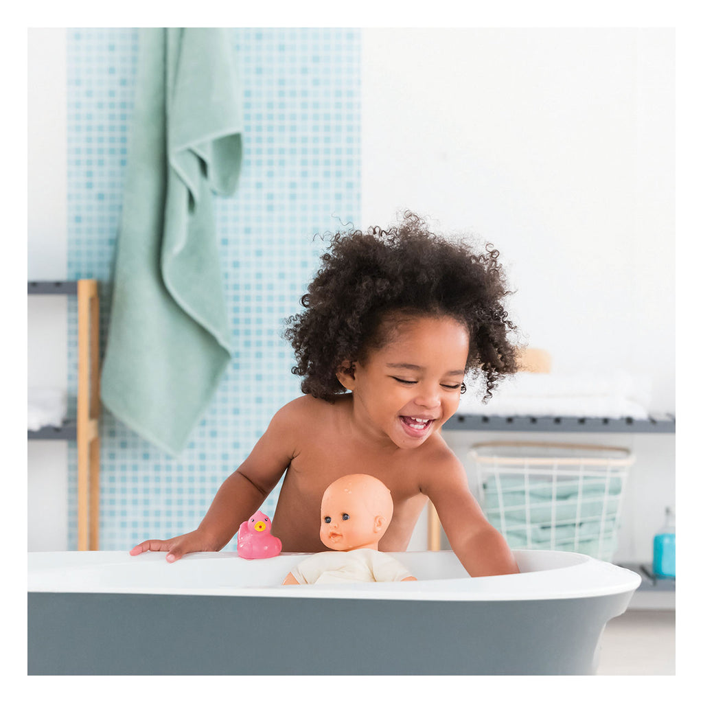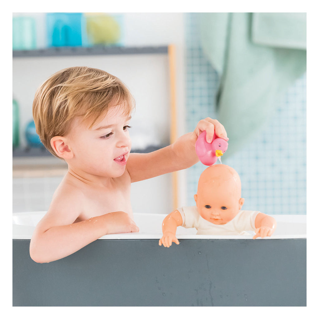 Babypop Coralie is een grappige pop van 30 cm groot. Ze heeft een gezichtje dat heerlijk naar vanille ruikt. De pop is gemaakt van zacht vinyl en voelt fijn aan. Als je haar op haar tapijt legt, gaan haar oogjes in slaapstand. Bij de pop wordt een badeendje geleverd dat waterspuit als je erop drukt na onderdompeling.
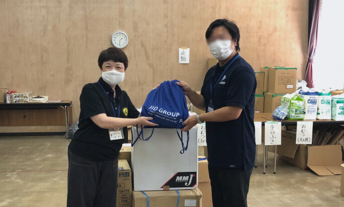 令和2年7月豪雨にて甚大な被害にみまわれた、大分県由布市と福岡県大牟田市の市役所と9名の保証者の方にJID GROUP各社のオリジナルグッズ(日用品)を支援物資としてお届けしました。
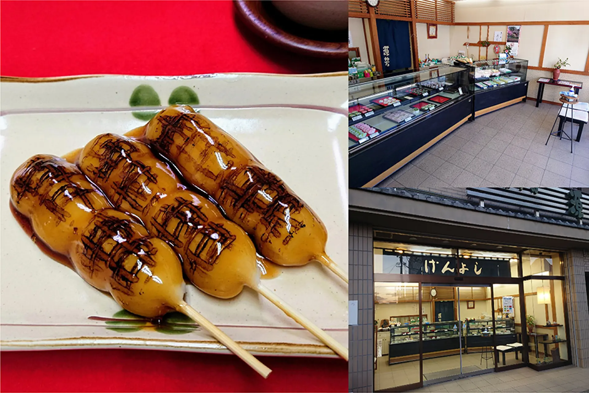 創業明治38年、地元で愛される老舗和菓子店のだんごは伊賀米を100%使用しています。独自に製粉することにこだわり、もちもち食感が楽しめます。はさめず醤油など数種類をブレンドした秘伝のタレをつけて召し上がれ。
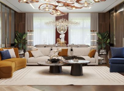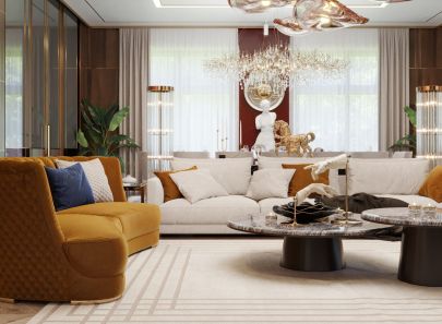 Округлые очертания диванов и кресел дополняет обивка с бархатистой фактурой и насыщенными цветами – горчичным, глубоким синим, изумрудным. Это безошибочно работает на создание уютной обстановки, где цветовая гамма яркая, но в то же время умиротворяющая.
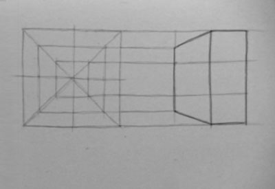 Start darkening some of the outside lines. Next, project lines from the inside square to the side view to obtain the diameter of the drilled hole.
· · · ·
__EXERCISE__:
Could you output the listing word for word, omitting every picture?

__OUTPUT__:
 Babypop Coralie is een grappige pop van 30 cm groot. Ze heeft een gezichtje dat heerlijk naar vanille ruikt. De pop is gemaakt van zacht vinyl en voelt fijn aan. Als je haar op haar tapijt legt, gaan haar oogjes in slaapstand. Bij de pop wordt een badeendje geleverd dat waterspuit als je erop drukt na onderdompeling.
 令和2年7月豪雨にて甚大な被害にみまわれた、大分県由布市と福岡県大牟田市の市役所と9名の保証者の方にJID GROUP各社のオリジナルグッズ(日用品)を支援物資としてお届けしました。
 創業明治38年、地元で愛される老舗和菓子店のだんごは伊賀米を100%使用しています。独自に製粉することにこだわり、もちもち食感が楽しめます。はさめず醤油など数種類をブレンドした秘伝のタレをつけて召し上がれ。
 Округлые очертания диванов и кресел дополняет обивка с бархатистой фактурой и насыщенными цветами – горчичным, глубоким синим, изумрудным. Это безошибочно работает на создание уютной обстановки, где цветовая гамма яркая, но в то же время умиротворяющая.
 Start darkening some of the outside lines. Next, project lines from the inside square to the side view to obtain the diameter of the drilled hole.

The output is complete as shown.